Microsoft is preparing to officially release software that helps small companies do things like build a Web site and maintain business contacts, and plans to link the product to its platform for selling online advertising.

The Associated Press

Microsoft is preparing to officially release software that helps small companies do things like build a Web site and maintain business contacts, and plans to link the product to its platform for selling online advertising.

Microsoft said Monday that it will officially release Office Live in the United States on Nov. 15, and simultaneously launch test versions of the software in France, Germany, Japan and the United Kingdom.

Office Live, which has been available to U.S. companies in test form for more than eight months, is one element of Microsoft's major push to offer more Web-based products so it can compete with companies such as Google and Salesforce.com. Microsoft, which makes most of its money selling desktop-bound software such as the Windows operating system and Office business suite, is feeling increased pressure from companies that offer more advanced or cheaper tools online.

A free, ad-supported version of Office Live will give very small businesses the tools to create a Web site with a company domain name, plus 25 company-branded e-mail accounts. Microsoft will charge $19.95 or $39.95 per month for versions with more options for managing contacts and other business tasks.
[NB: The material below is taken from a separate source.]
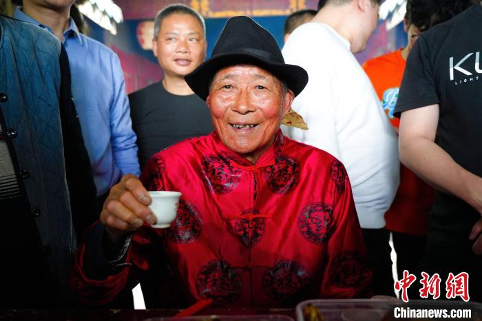 當(dāng)天14時,永定區(qū)坎市鎮(zhèn)盧氏祠堂周圍人頭攢動,鞭炮齊鳴,十分熱鬧。大家從十里八村涌到祠堂前,待用香燭、三牲敬過“林婆太”后,兩名壯漢攙扶著一位滿臉通紅、一身酒氣的“酒醉公”。

Microsoft said about 160,000 small companies have used the test version of Office Live.

All the versions also will include Microsoft Office Live adManager Beta, which small companies can use to buy ads that run alongside the regular results from Microsoft's Web search engine, Live Search.

Baris Cetinok, director of product management for Office Live, said Microsoft is hoping to cash in on small companies' sales and marketing spending. Microsoft also is likely trying to gain traction for its online advertising sales platform, adCenter.

AdCenter is part of Microsoft's effort to better compete with Google, which has seen great success selling paid search links and other Web-based ads.

In recent newspaper advertisements, Microsoft admits that it was late in offering its own Web search technology, but urges people to try its product nonetheless.

Google has about 50 percent of the U.S. Web search market, compared with 9.2 percent for Microsoft, according to September data from Nielsen/Net Ratings.